Task directions -
Give the records back exactly as written, but without the images.

BEGIN Information shown

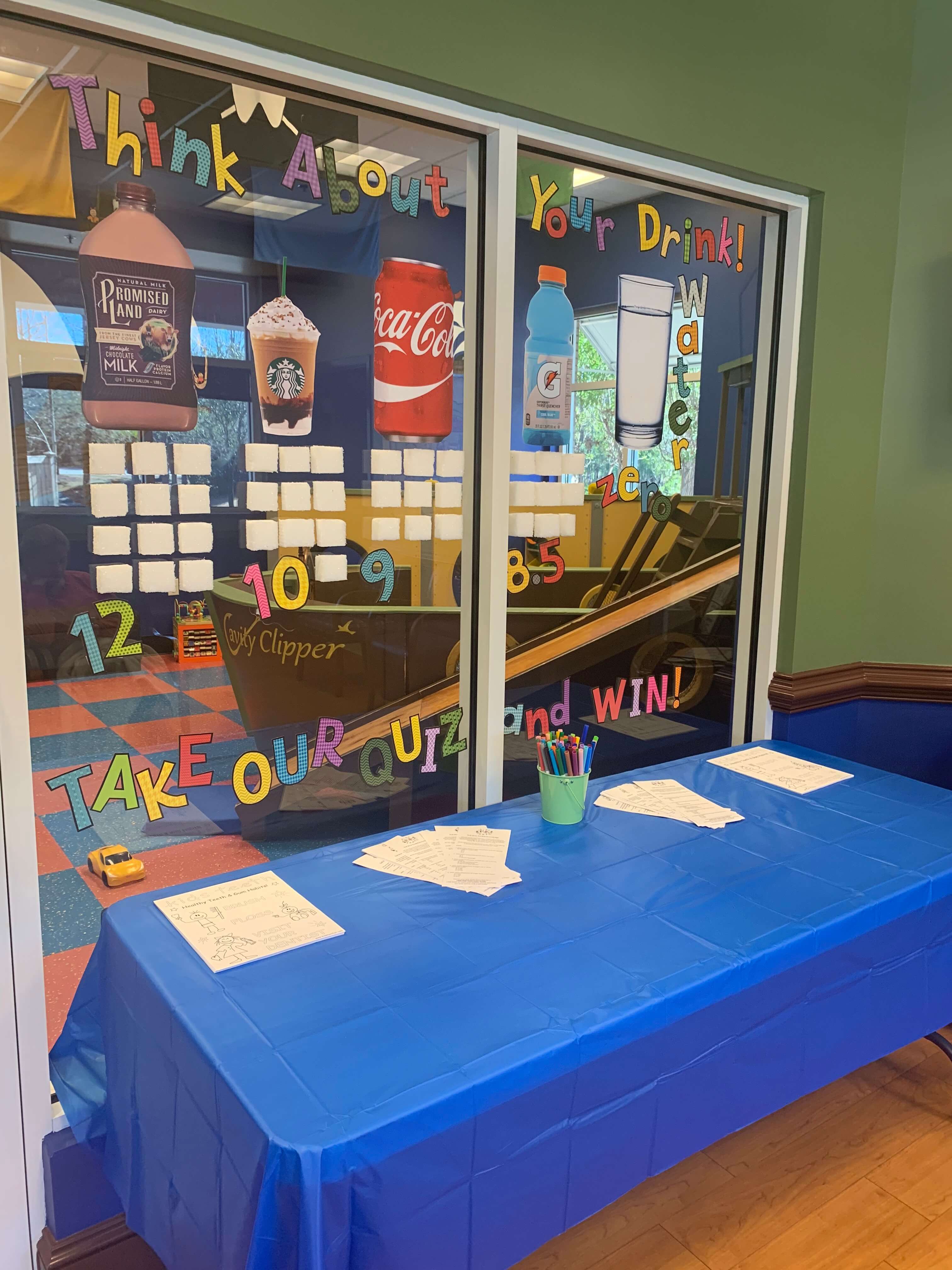 This February we are challenging your family to “Think About Your Drink!” Did you know that sipping water is one of the best things you can do for your teeth? Why? Drinking water is a great and easy way to fight tooth decay and decrease cavities. Too many kids are drinking beverages loaded with sugar. We ask parents to stick with water throughout the day and only offer juice, soda, milk, and chocolate milk with meals (or as special, occasional treat). If your children do consume the beverages mentioned above or sports drinks like gatorade, it’s always best to have a water bottle nearby to rinse the sugary substance off their teeth as soon as possible.
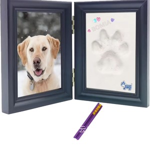 木製ペットフォトフレーム足跡折りたたみ足跡手形泥テーブル木製ペット手形と足形記念フォトフレーム
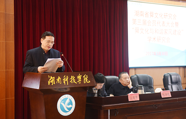 陈仲庚作研究会工作报告,总结第二届理事会工作情况,谋划今后工作思路,并对研究会未来发展提出设想。他表示,要努力将湖南省舜文化研究会打造成为有责任、有担当、有贡献的学术文化机构,为提高民族文化自信贡献力量。
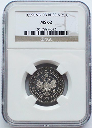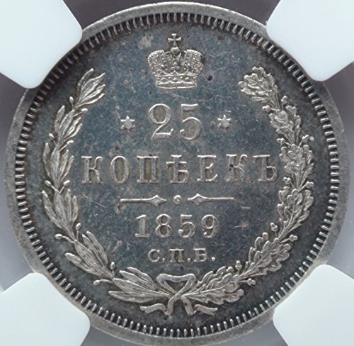 1859 RU CNB OB Russia Alexander II Russian 25K 25 Kopeks Coin Silver MS-62 NGC
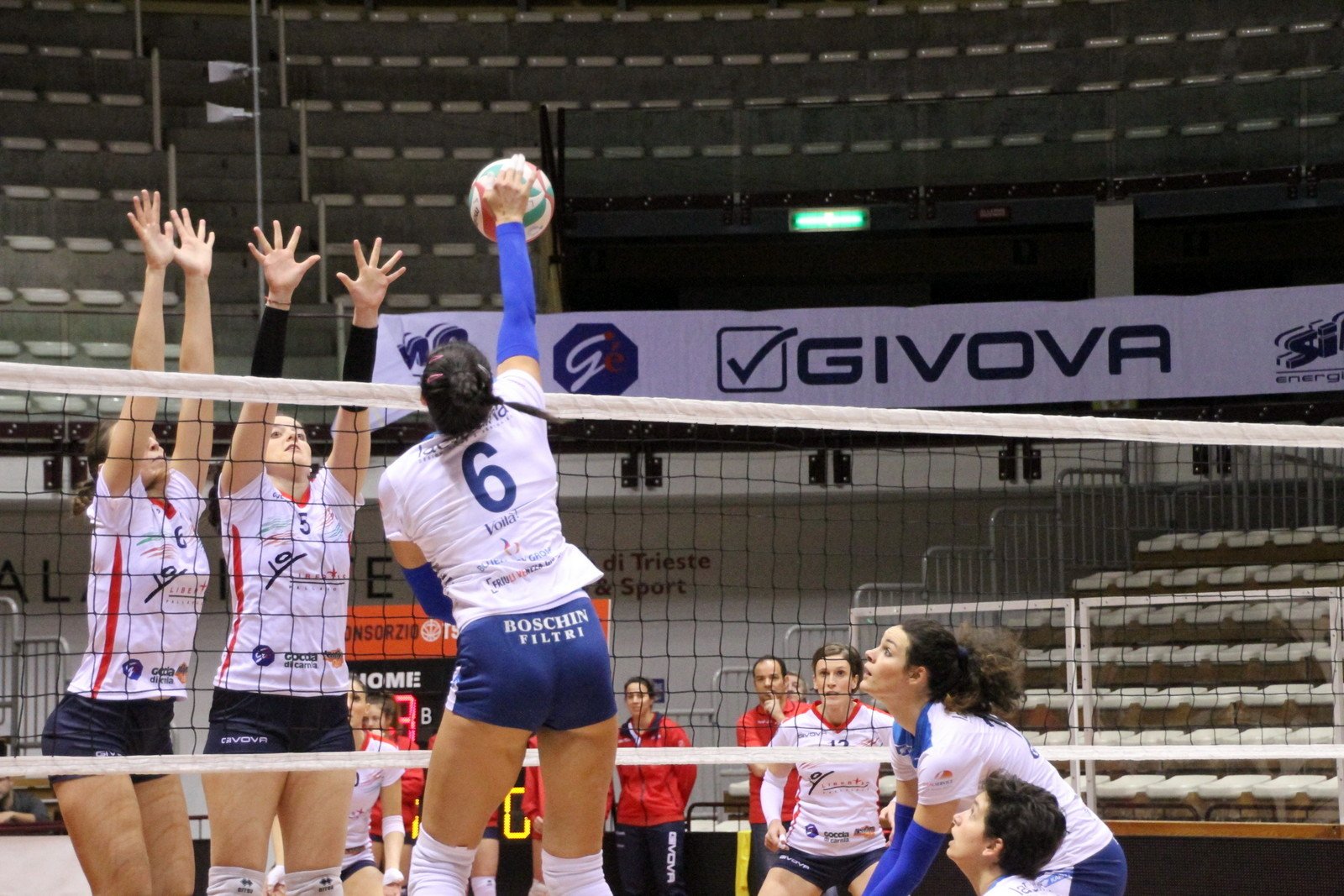 Trieste, 18.12.2016 - L'Itas Città Fiera Libertas Martignacco liquida con il punteggio 0-3 (19-25, 23-25, 15-25) la Simagas Trieste, fa proprio il doppio derby regionale e Libertas in 86 minuti, va a 18 punti in classifica salendo dal sesto al quarto posto e incassa all'istante il plauso del Presidente della Libertas Martignacco, Bernardino Ceccarelli, per quello che ha definito "il più bel regalo di Natale che la squadra potesse fare ai tifosi e alla Società". E numerosa e fragorosa è stata anche a Trieste la tifoseria al seguito che ha sostenuto la compagine di Martignacco e si è divertita, nel difficile PalaRubini che per le sue vaste dimensioni rende ardua l'individuazione dei riferimenti. "E' stata una vittoria netta - ha soggiunto il Presidente - in un incontro a tratti interessante e va riconosciuto che le cugine di Trieste hanno la panchina un po' corta e nonostante ciò si sono comportate e difese bene. Si tratta della seconda vittoria - ha sottolineato Ceccarelli - delle atlete allenate da Gazzotti e Zampis e speriamo che si possa ulteriormente concretizzare anche in futuro.

END Information shown

Answer below -
 This February we are challenging your family to “Think About Your Drink!” Did you know that sipping water is one of the best things you can do for your teeth? Why? Drinking water is a great and easy way to fight tooth decay and decrease cavities. Too many kids are drinking beverages loaded with sugar. We ask parents to stick with water throughout the day and only offer juice, soda, milk, and chocolate milk with meals (or as special, occasional treat). If your children do consume the beverages mentioned above or sports drinks like gatorade, it’s always best to have a water bottle nearby to rinse the sugary substance off their teeth as soon as possible.
 木製ペットフォトフレーム足跡折りたたみ足跡手形泥テーブル木製ペット手形と足形記念フォトフレーム
 陈仲庚作研究会工作报告,总结第二届理事会工作情况,谋划今后工作思路,并对研究会未来发展提出设想。他表示,要努力将湖南省舜文化研究会打造成为有责任、有担当、有贡献的学术文化机构,为提高民族文化自信贡献力量。
 1859 RU CNB OB Russia Alexander II Russian 25K 25 Kopeks Coin Silver MS-62 NGC
 Trieste, 18.12.2016 - L'Itas Città Fiera Libertas Martignacco liquida con il punteggio 0-3 (19-25, 23-25, 15-25) la Simagas Trieste, fa proprio il doppio derby regionale e Libertas in 86 minuti, va a 18 punti in classifica salendo dal sesto al quarto posto e incassa all'istante il plauso del Presidente della Libertas Martignacco, Bernardino Ceccarelli, per quello che ha definito "il più bel regalo di Natale che la squadra potesse fare ai tifosi e alla Società". E numerosa e fragorosa è stata anche a Trieste la tifoseria al seguito che ha sostenuto la compagine di Martignacco e si è divertita, nel difficile PalaRubini che per le sue vaste dimensioni rende ardua l'individuazione dei riferimenti. "E' stata una vittoria netta - ha soggiunto il Presidente - in un incontro a tratti interessante e va riconosciuto che le cugine di Trieste hanno la panchina un po' corta e nonostante ciò si sono comportate e difese bene. Si tratta della seconda vittoria - ha sottolineato Ceccarelli - delle atlete allenate da Gazzotti e Zampis e speriamo che si possa ulteriormente concretizzare anche in futuro.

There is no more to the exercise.